The example used by Joseph Campbell simply uses a wave whose length is easier to calculate. Whether it is a sinusoidal wave or a semi-circular wave is irrelevant.

 

[ObsessiveMathsFreak]

I believe what you're looking for is something like the following.

If you consider a circular helix given by;
$$\mathbf{x}(s) = \left( \frac{\sqrt{1-a^2}}{\omega}\cos\left(\omega s\right), \frac{\sqrt{1-a^2}}{\omega}\sin\left(\omega s\right) , a s \right)$$

Then, regardless of the value of $$\omega$$, i.e. the frequency, the helix will always have length 1 after it has risen $$a$$ meters. $$a$$ is if you like, the rate of ascent.

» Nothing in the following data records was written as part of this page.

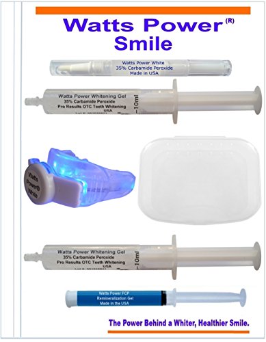 -. Feature : COMPLETE WHITENING KIT - Everything Is Included In This Premium Kit To Save You Both Time and Money - So Yes, It Is Time To Smile, Smile, Smile. / BONUS BRUSH TIP PEN Plus 2 Large 10ml Gels for Easy Applications And Year Round and Touch Ups - Go Ahead, Exercise, Read or Shower While Using This Kit. / OPTIMIZED 15 MINUTE WHITENING FORMULA for Quick Results with Little or No Sensitivity - Gels Can Also Be Used While Brushing for a 2 Minute Touch Up. / REUSABLE SOFT DUAL TRAY Disconnects from Light for Sanitary Clean Up With Soap & Water / TRUSTED WATTS POWER BRAND - All Watts Power Teeth Whitening Gels Are P.R.Inted With Active Ingredient and USA Origin - It's Going in Your Mouth, Why Risk Using Unmarked Gels
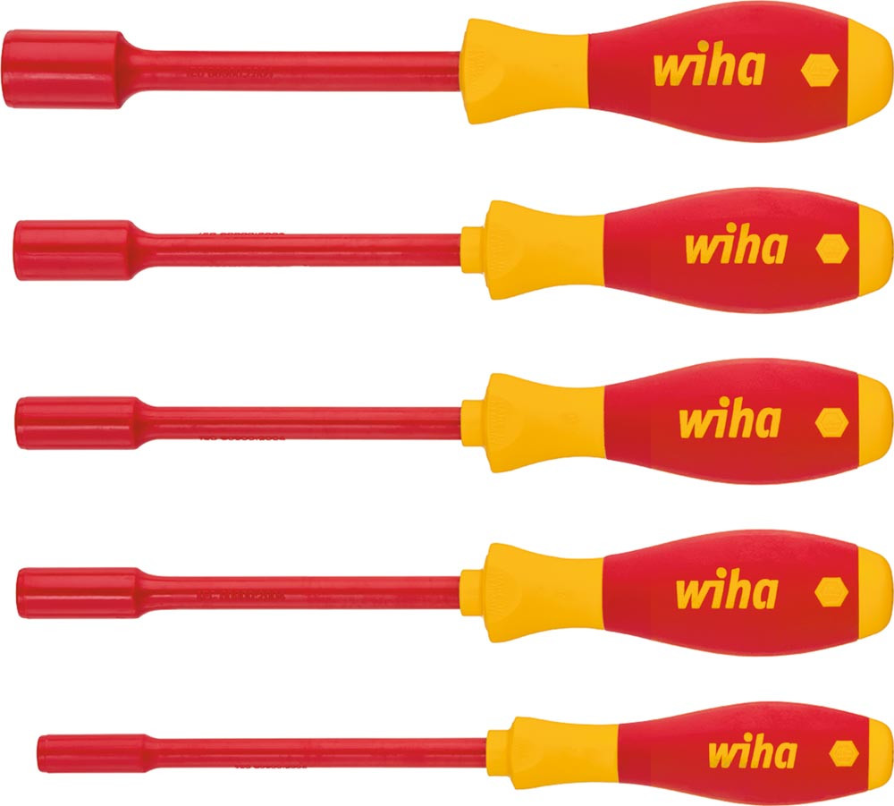 Wiha Schraubendreher-Steckschlüssel-Satz, VDE, 5 teilig, Inhalt 5,5/7/8/10/13 mm, mit SoftFinish Mehrkomponentengriff, im Karton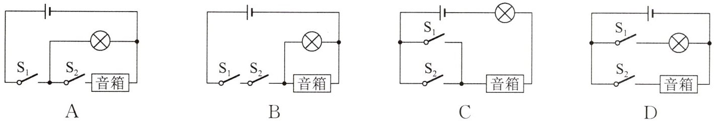 A 解析:当商品扫码时,开关$S_{1}$闭合,指示灯亮,这说明$S_{1}$能控制指示灯;付款成功时,开关$S_{2}$闭合,音箱提示支付成功,只闭合开关$S_{2}$,音箱不提示,这说明音响和指示灯能独立工作,是并联的,$S_{1}$在干路中,$S_{2}$在音箱所处的支路中.A正确.

With increasing $$\omega$$, the helix loops around more and more, but these loops have smaller and smaller radius, so over the same height, the curves will have the same length.

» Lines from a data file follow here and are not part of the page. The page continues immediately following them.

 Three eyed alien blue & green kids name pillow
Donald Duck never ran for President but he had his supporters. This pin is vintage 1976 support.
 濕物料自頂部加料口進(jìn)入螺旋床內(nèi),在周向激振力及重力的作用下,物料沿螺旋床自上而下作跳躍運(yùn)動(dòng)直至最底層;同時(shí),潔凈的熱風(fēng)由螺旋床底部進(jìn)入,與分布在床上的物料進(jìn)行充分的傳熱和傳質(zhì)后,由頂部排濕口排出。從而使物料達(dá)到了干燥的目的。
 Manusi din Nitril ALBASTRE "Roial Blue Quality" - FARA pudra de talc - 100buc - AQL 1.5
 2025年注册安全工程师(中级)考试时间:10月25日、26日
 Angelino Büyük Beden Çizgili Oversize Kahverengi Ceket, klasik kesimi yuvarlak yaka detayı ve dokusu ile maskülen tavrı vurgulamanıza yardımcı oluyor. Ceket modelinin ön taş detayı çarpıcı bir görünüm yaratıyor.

The curvature and torsions of the curve are (correct me if I'm wrong)

$$\kappa = \omega \sqrt{1-a^2}$$

$$\tau = a \omega$$

Which means as $$\omega \rightarrow 0$$, the curve becomes a straight line. However, as $$\omega \rightarrow \infty$$ both of these values become undefined (though their ratio is still constant, mean the curve is still a helix). Also, you can see that simply putting the loops radius equal to zero, with an "infinite" $$\omega$$, would give a discontinuity, as s would no longer be the arc length parameter.

For this curve at least, moving the frequency towards infinity will not result in a straight line or ray, though if we attempt to draw it we will find that it might eventually look like one from far enough away.

 

[disregardthat]

Cant you just consider the function y=a sin(x) and let a --> 0 => y=0

 

[Gib Z]

Yes, many straight lines can be approximated arbitrarily well by sinusoidal functions, within a certain interval at least. Just ask Joseph Fourier.